▽

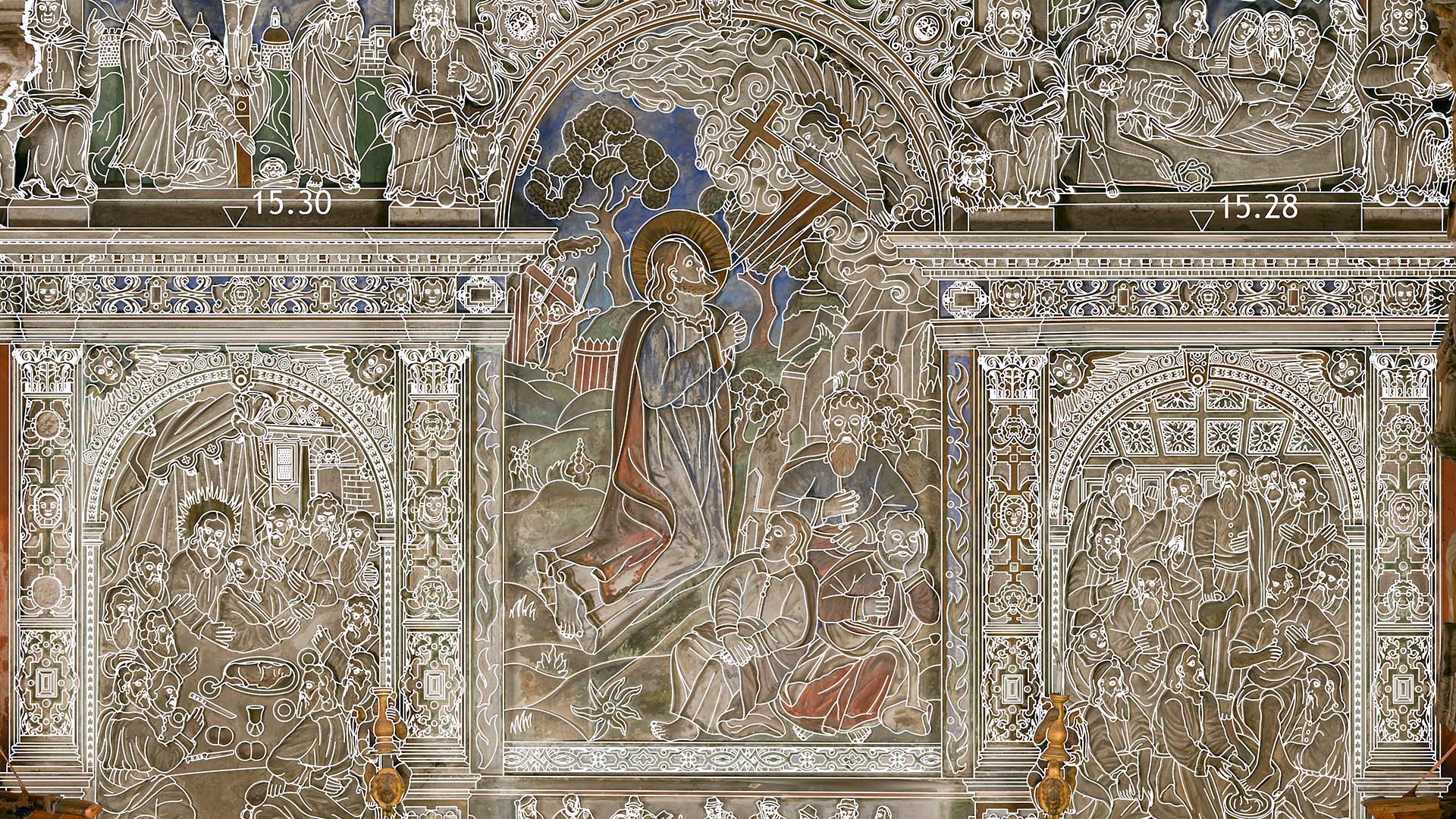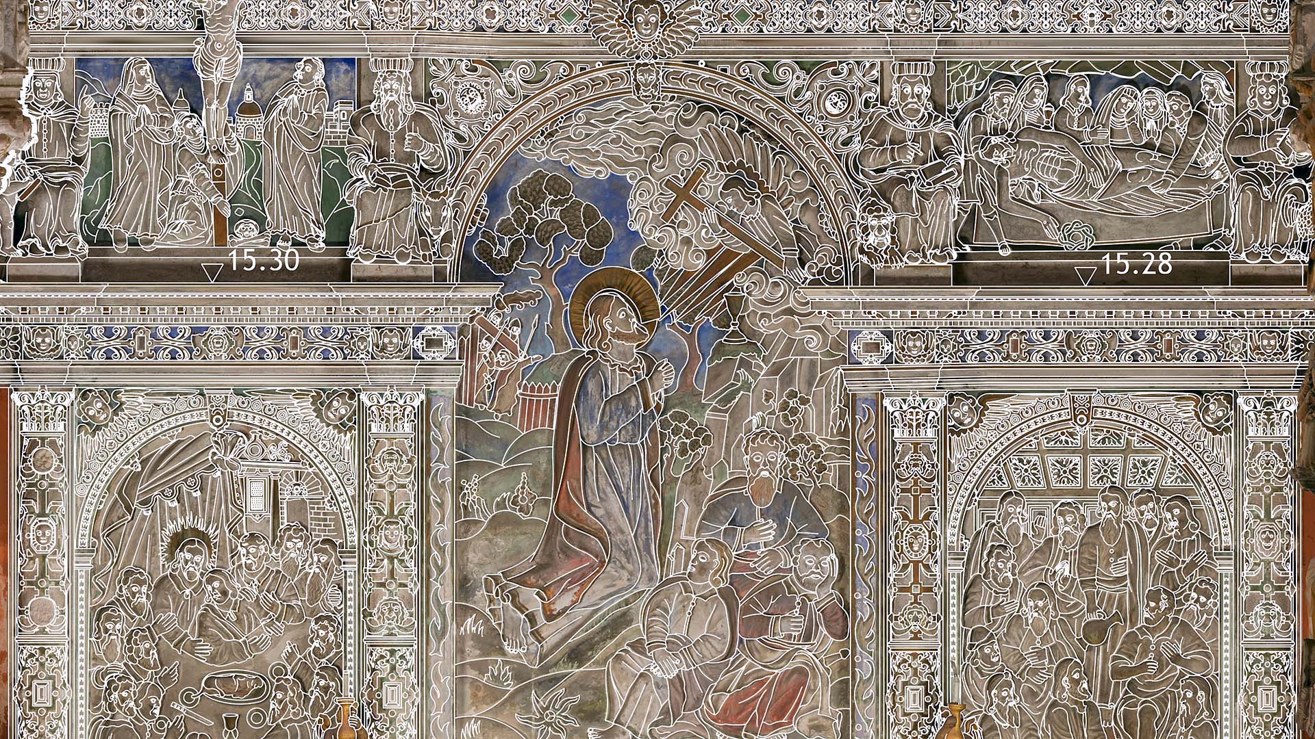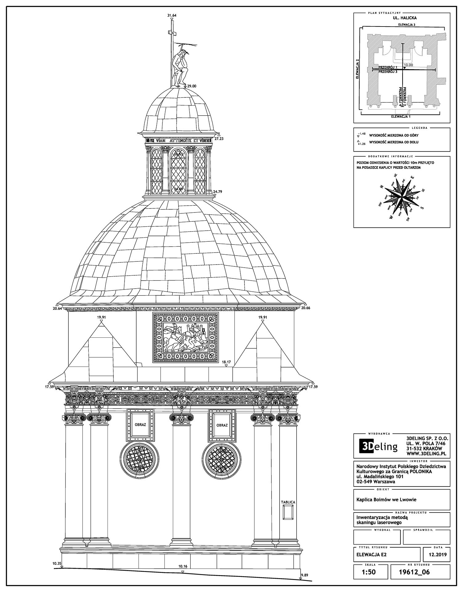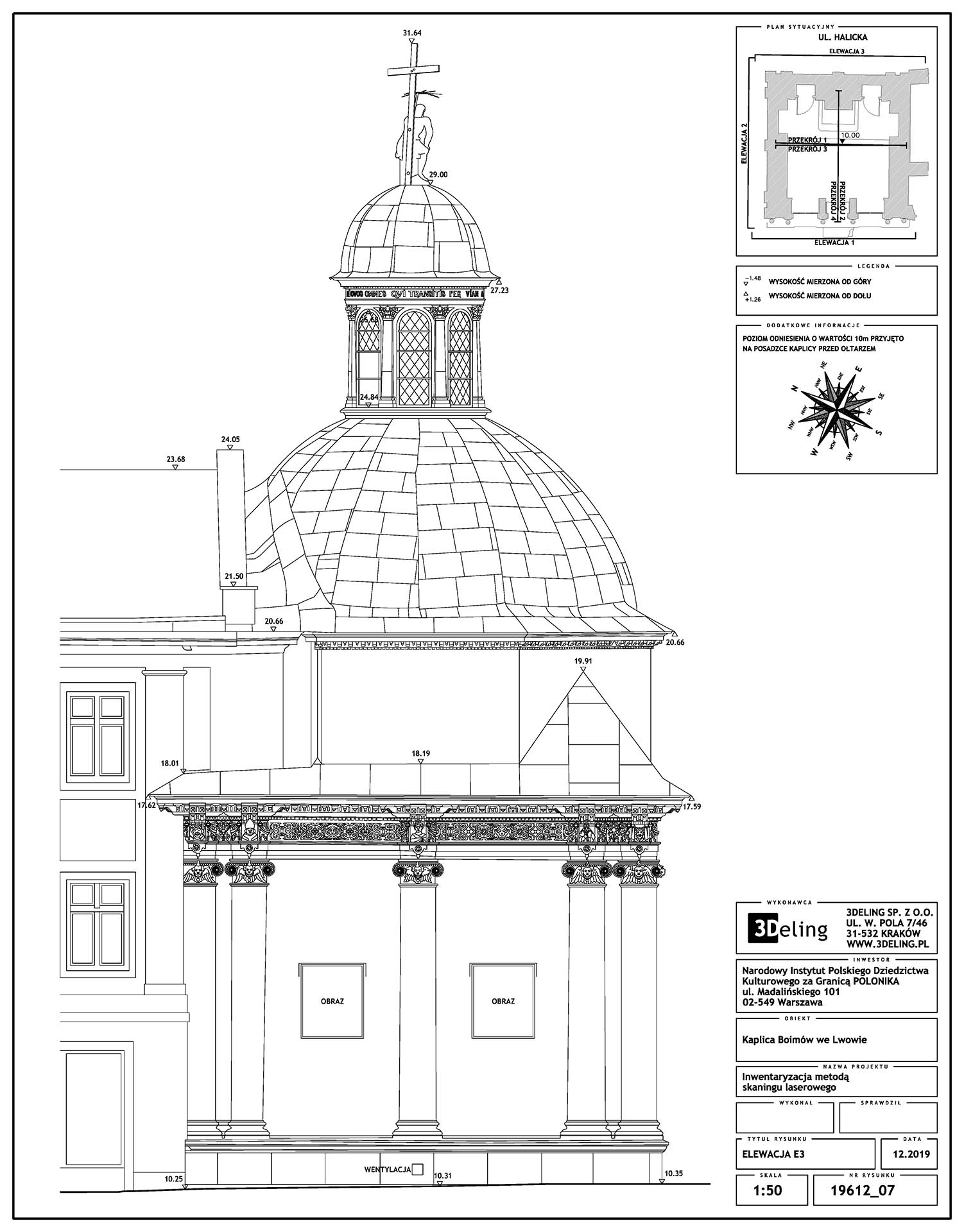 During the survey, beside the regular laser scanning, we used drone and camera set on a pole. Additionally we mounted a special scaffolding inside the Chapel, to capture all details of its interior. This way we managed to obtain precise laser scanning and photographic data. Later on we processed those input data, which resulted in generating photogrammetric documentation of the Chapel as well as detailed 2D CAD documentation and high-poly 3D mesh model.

△
▽

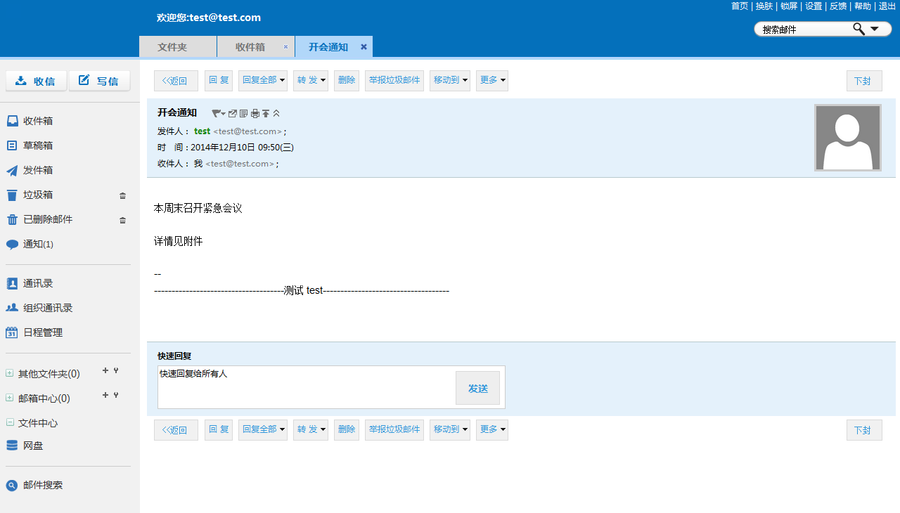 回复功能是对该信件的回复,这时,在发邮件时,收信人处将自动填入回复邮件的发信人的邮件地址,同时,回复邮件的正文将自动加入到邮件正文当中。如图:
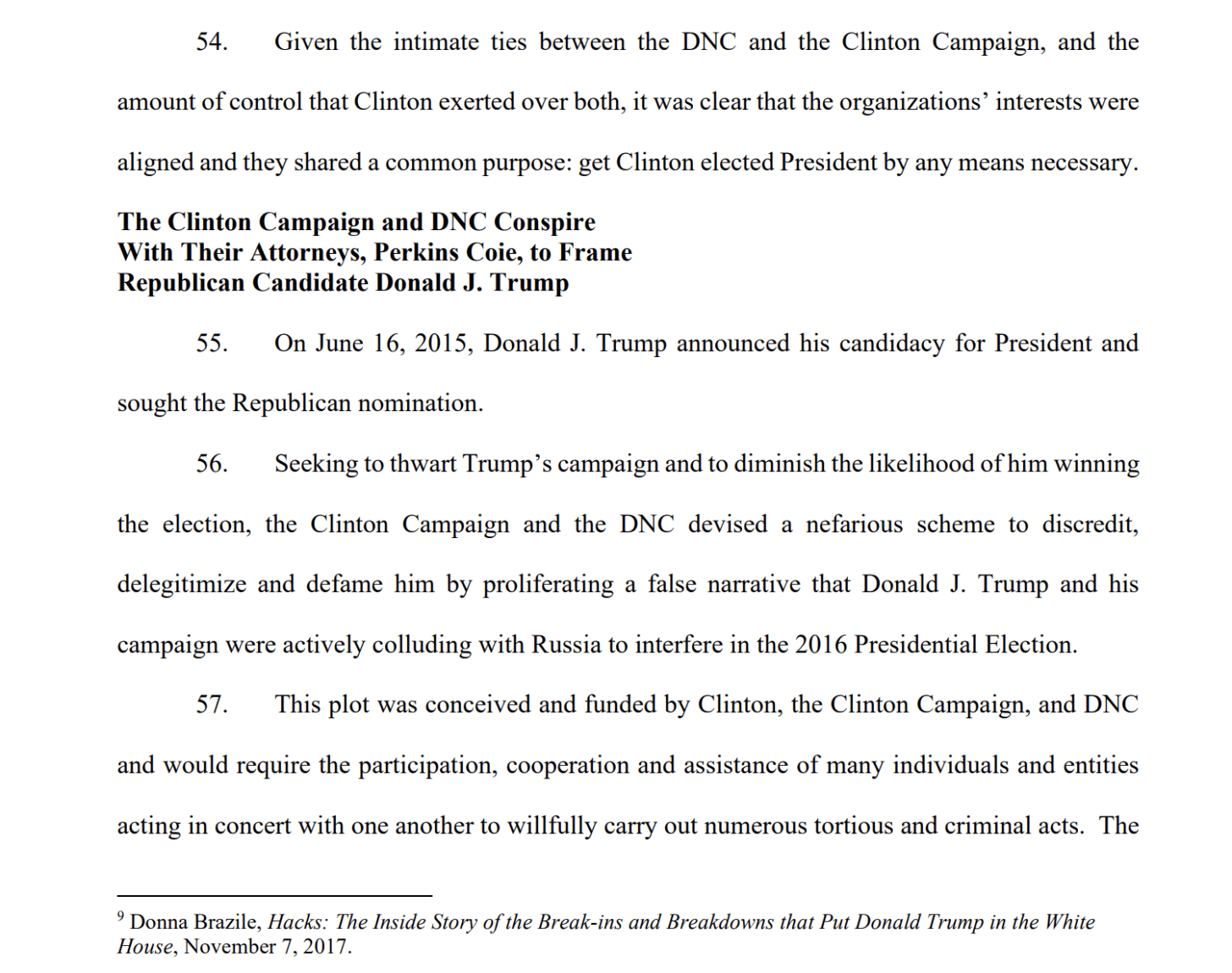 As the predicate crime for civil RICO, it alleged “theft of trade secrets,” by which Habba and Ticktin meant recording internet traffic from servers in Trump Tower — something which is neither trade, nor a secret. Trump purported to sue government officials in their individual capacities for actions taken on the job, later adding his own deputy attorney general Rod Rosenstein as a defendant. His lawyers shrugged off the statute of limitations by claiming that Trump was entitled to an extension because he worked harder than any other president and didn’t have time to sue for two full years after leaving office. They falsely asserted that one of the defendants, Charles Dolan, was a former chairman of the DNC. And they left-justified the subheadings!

△

_Assigned task_:
What should come back is an exact copy of the lines above from the line with "回复功能是对该信件的回复,这" to the line with "As the predicate", both included, minus the pictures.

_Answer to this exercise_:
 回复功能是对该信件的回复,这时,在发邮件时,收信人处将自动填入回复邮件的发信人的邮件地址,同时,回复邮件的正文将自动加入到邮件正文当中。如图:
 As the predicate crime for civil RICO, it alleged “theft of trade secrets,” by which Habba and Ticktin meant recording internet traffic from servers in Trump Tower — something which is neither trade, nor a secret. Trump purported to sue government officials in their individual capacities for actions taken on the job, later adding his own deputy attorney general Rod Rosenstein as a defendant. His lawyers shrugged off the statute of limitations by claiming that Trump was entitled to an extension because he worked harder than any other president and didn’t have time to sue for two full years after leaving office. They falsely asserted that one of the defendants, Charles Dolan, was a former chairman of the DNC. And they left-justified the subheadings!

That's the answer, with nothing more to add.